With the help of her friends, a gaggle of painfully spot-on millennial stereotypes, the first season ends with one of the most well-executed twists this side of — one that does irreversible psychological damage to Dory and her friends while questioning the very nature of why we’re drawn to other people’s tragedies in the social media age.
It’s refreshing to watch Shawkat in a starring role as a doormat, all wide eyes and non-confrontational mumbling, as Dory works to contain the shockwaves of what can only be classified as a huge mistake. ’”) and another was “an old Jewish mother kind of voice.” Imagine what could have been!

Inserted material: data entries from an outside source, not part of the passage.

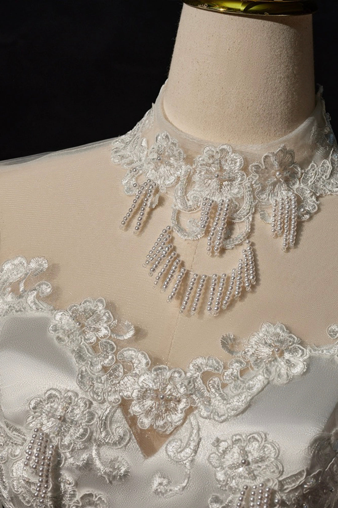 A-Line Satin Lace Long Sleeve Prom Dress, Elegant White High Neck Evening Prom Dress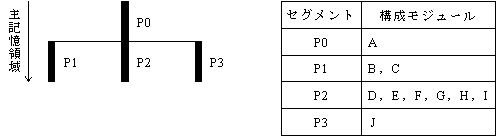 図2 モジュールの実行順序 (3) A 〜 J の各モジュールの実行に必要な主記憶領域の大きさは,表のとおりである。 なお,セグメントの大きさは,セグメントを構成するモジュールの大きさを合計したものになる。 表 モジュールの大きさ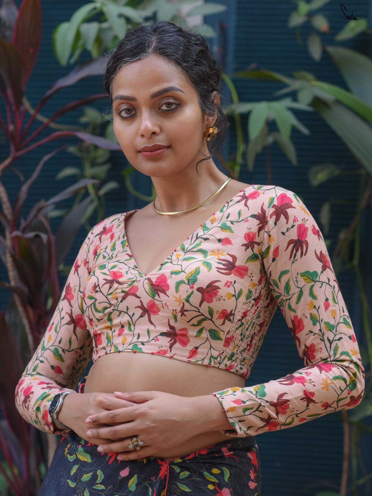 A warm brown blouse designed for comfortable everyday wear. Made from a soft cotton-linen fabric, this blouse feels breathable, lightweight, and easy to carry through long hours.It features a brown base with digital floral prints and a flattering V neckline. Delicate French knot detailing on the neckline adds a subtle handcrafted touch, while the full sleeves give it a more structured, work-appropriate feel.Finished with a back hook opening and smocking on the sides, this blouse offers a flexible and comfortable fit that pairs effortlessly with both printed and solid sarees.

At Shawkat’s suggestion, the warm sounds of 1950s jazz harpist Dorothy Ashby waft through the speakers in Bustle's photo studio — lately she’s been toggling between relaxing jazz music like this and upbeat rap from someone in A$AP Mob — and it’s easy to see how her sense of ease in new environments (never mind her quiet confidence in grabbing the aux cord) often gets her cast as characters who are self-assured scene-stealers.
at age 13, Shawkat, who is now 28, has carved out a niche for herself in playing the types of characters “that have a good head on their shoulders but are sassy and not the hot girl,” as she puts it.
It also will have an inevitable political bent — after all, Season 4 turned out to be quite prescient in its chronicling of the Bluth's efforts to build a border wall.